■ **What needs to be done**
Please reproduce the lines of the records below from the one holding "An olive green" through the one holding "Prioritize capital deployment", inclusive, skipping all pictures.

■ **Task inputs**
######

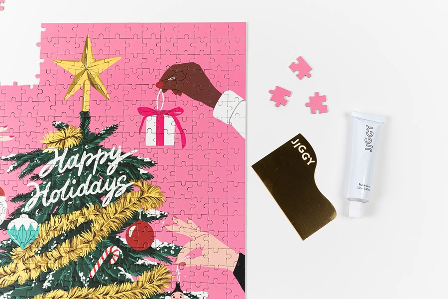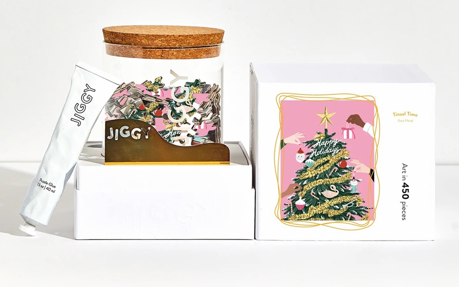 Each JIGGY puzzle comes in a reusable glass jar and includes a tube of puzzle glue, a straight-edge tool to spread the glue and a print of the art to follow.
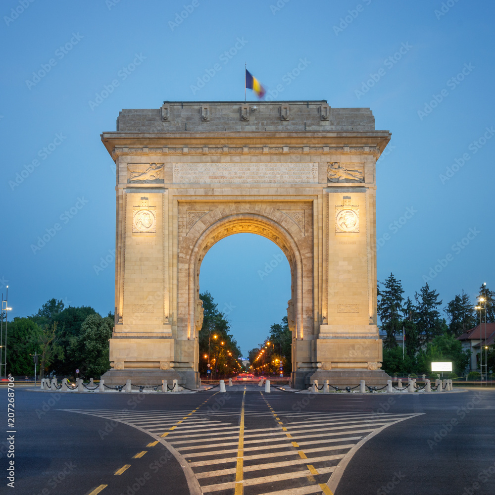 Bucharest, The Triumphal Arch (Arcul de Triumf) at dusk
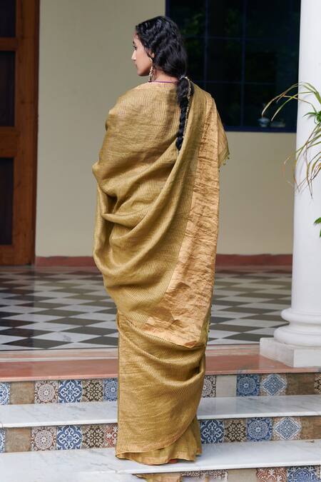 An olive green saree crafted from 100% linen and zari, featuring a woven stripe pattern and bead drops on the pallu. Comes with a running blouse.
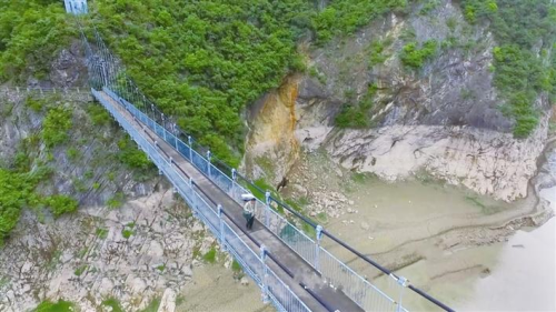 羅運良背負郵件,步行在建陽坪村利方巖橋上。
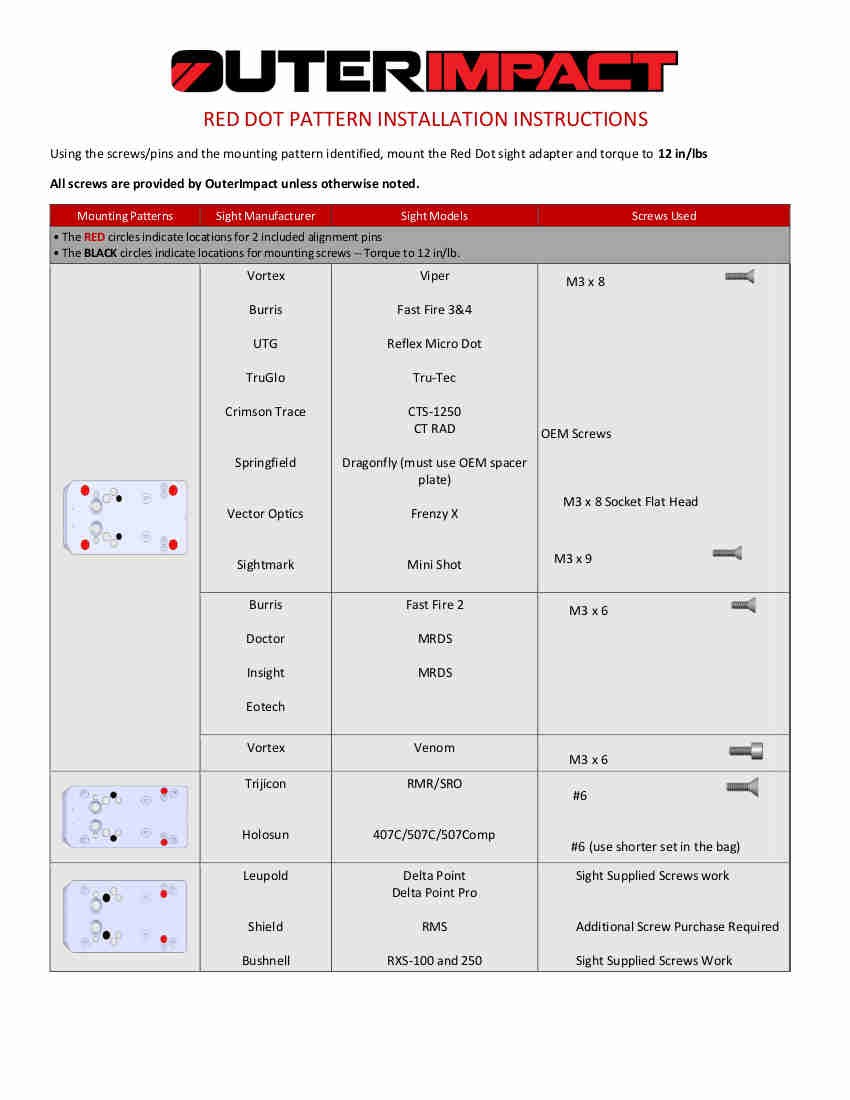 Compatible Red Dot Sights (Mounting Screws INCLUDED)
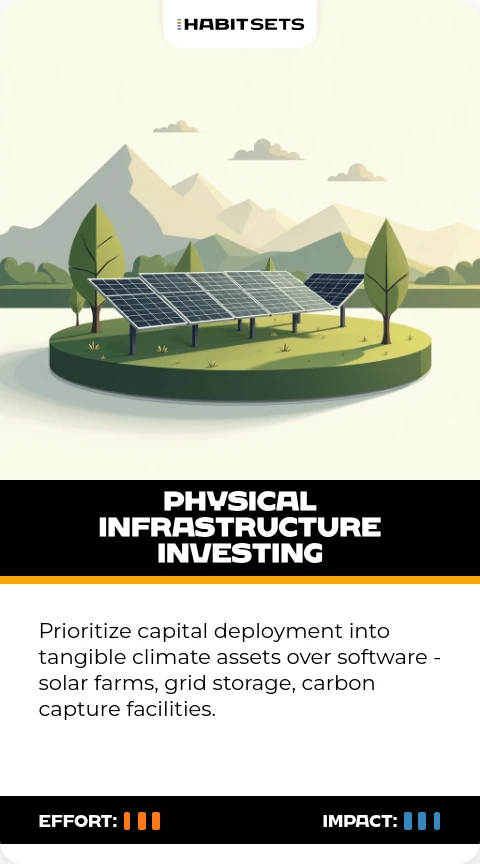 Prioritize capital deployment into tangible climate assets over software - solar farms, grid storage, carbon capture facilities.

######

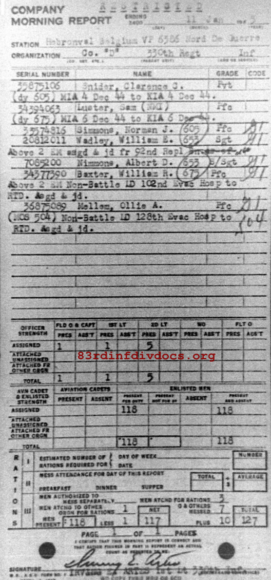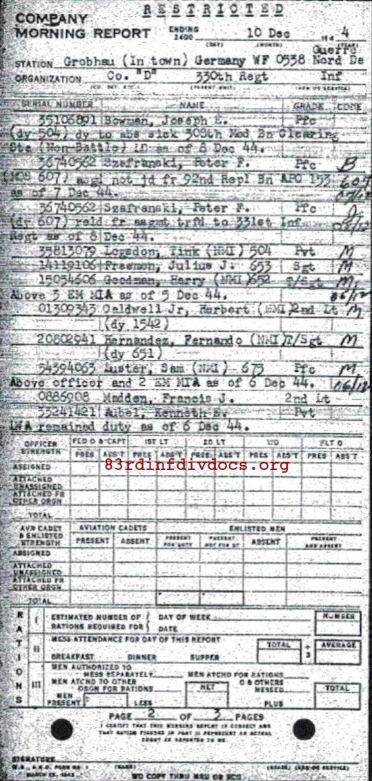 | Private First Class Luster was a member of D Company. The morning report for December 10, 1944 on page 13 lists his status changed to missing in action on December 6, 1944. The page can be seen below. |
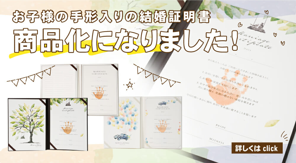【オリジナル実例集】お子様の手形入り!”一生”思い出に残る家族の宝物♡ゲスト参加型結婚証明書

######

■ **Worked solution**
 An olive green saree crafted from 100% linen and zari, featuring a woven stripe pattern and bead drops on the pallu. Comes with a running blouse.
 羅運良背負郵件,步行在建陽坪村利方巖橋上。
 Compatible Red Dot Sights (Mounting Screws INCLUDED)
 Prioritize capital deployment into tangible climate assets over software - solar farms, grid storage, carbon capture facilities.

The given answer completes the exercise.